TASK TO CARRY OUT:
Read through the lines below for the string "also" and copy each one that has it.

ENTRIES SUPPLIED:
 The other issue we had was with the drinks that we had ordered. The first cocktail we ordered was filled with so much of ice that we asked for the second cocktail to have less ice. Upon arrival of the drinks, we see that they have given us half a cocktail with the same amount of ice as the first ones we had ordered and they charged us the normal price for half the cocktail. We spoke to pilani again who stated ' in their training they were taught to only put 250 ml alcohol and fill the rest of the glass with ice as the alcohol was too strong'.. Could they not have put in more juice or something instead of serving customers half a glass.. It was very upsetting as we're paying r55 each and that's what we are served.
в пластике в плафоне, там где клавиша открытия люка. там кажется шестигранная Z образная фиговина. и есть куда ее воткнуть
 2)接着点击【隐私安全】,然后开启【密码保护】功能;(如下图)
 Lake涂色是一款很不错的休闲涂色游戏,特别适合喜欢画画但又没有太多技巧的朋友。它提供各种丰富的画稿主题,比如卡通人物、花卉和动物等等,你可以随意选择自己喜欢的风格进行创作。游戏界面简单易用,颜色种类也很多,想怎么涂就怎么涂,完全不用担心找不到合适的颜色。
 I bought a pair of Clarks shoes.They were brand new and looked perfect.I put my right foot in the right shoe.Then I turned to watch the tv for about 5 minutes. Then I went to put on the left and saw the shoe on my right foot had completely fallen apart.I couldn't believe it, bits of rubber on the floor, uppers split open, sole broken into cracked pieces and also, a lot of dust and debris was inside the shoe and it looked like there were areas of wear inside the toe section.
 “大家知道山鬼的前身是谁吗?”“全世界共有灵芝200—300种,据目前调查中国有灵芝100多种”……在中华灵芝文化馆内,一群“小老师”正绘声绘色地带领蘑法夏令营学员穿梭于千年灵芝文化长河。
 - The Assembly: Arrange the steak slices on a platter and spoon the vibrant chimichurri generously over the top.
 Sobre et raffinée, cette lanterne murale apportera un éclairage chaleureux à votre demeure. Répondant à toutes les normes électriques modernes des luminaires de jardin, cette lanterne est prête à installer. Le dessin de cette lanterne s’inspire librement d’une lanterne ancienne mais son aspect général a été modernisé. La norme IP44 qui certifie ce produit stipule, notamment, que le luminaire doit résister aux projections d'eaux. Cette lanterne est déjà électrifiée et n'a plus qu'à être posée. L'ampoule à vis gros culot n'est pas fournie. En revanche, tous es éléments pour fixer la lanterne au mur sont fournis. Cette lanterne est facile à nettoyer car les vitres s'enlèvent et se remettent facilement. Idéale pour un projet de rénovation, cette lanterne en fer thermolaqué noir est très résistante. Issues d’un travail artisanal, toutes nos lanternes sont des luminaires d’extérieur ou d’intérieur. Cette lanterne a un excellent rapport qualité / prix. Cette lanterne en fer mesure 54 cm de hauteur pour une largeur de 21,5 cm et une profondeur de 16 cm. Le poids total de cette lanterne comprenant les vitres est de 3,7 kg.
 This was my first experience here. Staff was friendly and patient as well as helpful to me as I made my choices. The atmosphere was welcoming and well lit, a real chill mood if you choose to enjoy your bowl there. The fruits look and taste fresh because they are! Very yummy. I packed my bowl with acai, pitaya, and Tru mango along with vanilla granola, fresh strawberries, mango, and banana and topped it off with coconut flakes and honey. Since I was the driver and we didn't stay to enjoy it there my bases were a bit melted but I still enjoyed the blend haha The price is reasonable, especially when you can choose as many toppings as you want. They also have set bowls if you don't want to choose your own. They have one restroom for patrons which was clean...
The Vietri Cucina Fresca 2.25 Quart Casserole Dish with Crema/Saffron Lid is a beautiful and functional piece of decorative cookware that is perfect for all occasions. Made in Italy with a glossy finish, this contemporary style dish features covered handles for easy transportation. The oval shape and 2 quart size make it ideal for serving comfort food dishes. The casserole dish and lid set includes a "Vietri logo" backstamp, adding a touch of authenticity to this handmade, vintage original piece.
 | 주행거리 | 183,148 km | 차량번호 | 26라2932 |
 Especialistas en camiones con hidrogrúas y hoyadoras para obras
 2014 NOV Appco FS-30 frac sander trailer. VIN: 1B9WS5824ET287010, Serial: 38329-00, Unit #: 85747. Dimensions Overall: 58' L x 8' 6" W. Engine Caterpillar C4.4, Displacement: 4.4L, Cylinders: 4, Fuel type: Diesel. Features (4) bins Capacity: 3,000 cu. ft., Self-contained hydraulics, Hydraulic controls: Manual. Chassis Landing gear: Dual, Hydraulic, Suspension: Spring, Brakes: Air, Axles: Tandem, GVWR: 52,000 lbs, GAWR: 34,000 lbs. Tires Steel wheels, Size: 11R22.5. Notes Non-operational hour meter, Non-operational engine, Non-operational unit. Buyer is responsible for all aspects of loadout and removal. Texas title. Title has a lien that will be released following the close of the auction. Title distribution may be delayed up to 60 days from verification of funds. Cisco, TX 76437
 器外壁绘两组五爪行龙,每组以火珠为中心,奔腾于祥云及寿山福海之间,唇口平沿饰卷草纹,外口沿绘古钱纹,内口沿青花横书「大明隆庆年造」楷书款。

RESPONSE TO THIS TASK:
 I bought a pair of Clarks shoes.They were brand new and looked perfect.I put my right foot in the right shoe.Then I turned to watch the tv for about 5 minutes. Then I went to put on the left and saw the shoe on my right foot had completely fallen apart.I couldn't believe it, bits of rubber on the floor, uppers split open, sole broken into cracked pieces and also, a lot of dust and debris was inside the shoe and it looked like there were areas of wear inside the toe section.
 This was my first experience here. Staff was friendly and patient as well as helpful to me as I made my choices. The atmosphere was welcoming and well lit, a real chill mood if you choose to enjoy your bowl there. The fruits look and taste fresh because they are! Very yummy. I packed my bowl with acai, pitaya, and Tru mango along with vanilla granola, fresh strawberries, mango, and banana and topped it off with coconut flakes and honey. Since I was the driver and we didn't stay to enjoy it there my bases were a bit melted but I still enjoyed the blend haha The price is reasonable, especially when you can choose as many toppings as you want. They also have set bowls if you don't want to choose your own. They have one restroom for patrons which was clean...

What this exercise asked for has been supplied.